The cognitive interview (CI) is a method of interviewing eyewitnesses and victims about what they remember from a crime scene. Using four retrievals, the primary focus of the cognitive interview is to make witnesses and victims of a situation aware of all the events that transpired. The interview aids in minimizing both misinterpretation and the uncertainty that is otherwise seen in the questioning process of traditional police interviews. Cognitive interviews reliably enhance the process of memory retrieval and have been found to elicit memories without generating inaccurate accounts or confabulations. Cognitive interviews are increasingly used in police investigations, and training programs and manuals have been created.

==History==
In 1975, the RAND Corporation completed a study on criminal-investigations. The study found that the testimony of an eyewitness was an important determinant in whether the case was solved or not. However, it has been found that many eyewitness reports were unreliable as they could be incomplete, partially constructed and vulnerable to suggestions during the interviewing process. Studies have shown that interviewing techniques such as asking leading questions and closed-ended questions can influence the responses given by the interviewee. Many of the techniques were explored by Elizabeth Loftus, a researcher who studied eyewitness testimony, the misinformation effect, and false memories.

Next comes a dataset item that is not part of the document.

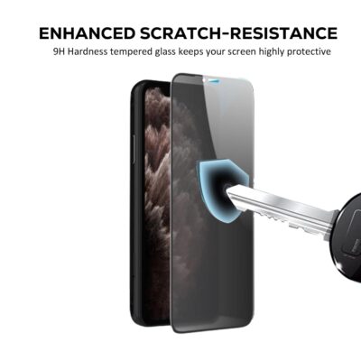 The HUMBLE Edge-to-Edge Privacy Tempered Glass Screen Protector provides secure and durable protection for iPhone XS Max and 11 Pro Max. Built with 9H hardness, it resists scratches, drops, and daily wear while maintaining smooth touch responsiveness. The privacy layer limits side-view visibility, keeping your screen content safe from prying eyes without affecting display clarity. Its edge-to-edge design offers complete coverage and a seamless fit that works well with most cases. The ultra-clear glass maintains vivid colors and natural brightness for an enhanced viewing experience. An oleophobic coating helps prevent fingerprints, smudges, and oil buildup for a consistently clean look. The easy self-installation kit ensures bubble-free, precise application every time.

Cognitive interviews were developed in 1984 by researchers Geiselman, Fisher and their colleagues in response to the ineffective police interviewing techniques used in the past. Their goal was to suggest methods that increased the accuracies of eyewitness testimony. They found that when participants were trained in memory retrieval techniques, the participants recalled more correct information about an event than occurred on a questionnaire. They based the techniques on four general memory retrieval rules based on the encoding specificity principle, and the assumption that memory traces are usually complex with various kinds of information. In 1985 Geiselman, Fisher and their colleagues MacKinnon and Holland further showed that the cognitive interview had ecological validity by having participants watch videos of simulated violent crimes. The original concept of the cognitive interview was revised in 1987 by Fisher, Geiselman and their colleagues. The revisions to the original cognitive interview incorporated the idea of structuring the interview to be more compatible with how the brain retrieves memories. The revised version of the cognitive interview showed an increase of 45 percent in correct information retrieved. In 1992, Fisher and Geiselman wrote a training manual for investigative services on how to conduct a cognitive interview. The techniques they developed are widely used today by a variety of investigative services such as police departments, private investigators, and attorneys.

==Memory retrieval==
The foundation for the creation of the cognitive interview was rooted in several well researched facts about human memory. Research has shown that memory deteriorates over time. This indicates that the more time that passes between initial encoding and subsequent retrieval the less likely accurate recall will be. This could be a potential issue during a cognitive interview if a large amount of time has elapsed between witnessing the crime and subsequently conducting the interview. It has also been demonstrated that human memory has a limited capacity for storing information, as well as a reconstructive nature. The reconstructive nature of human memory can be demonstrated through the use of schemas; a memory blueprint that provides insight and guidance as to what one might expect from certain events. As a consequence, a witness may incorrectly recall and subsequently report the events of a crime because they are reporting what their schema of a crime is, as opposed to what actually transpired. It has also demonstrated that the recall of information from memory is influenced by the strategies used to gain access to that information. This information has since been integrated in the field of forgetting in eyewitness testimonies.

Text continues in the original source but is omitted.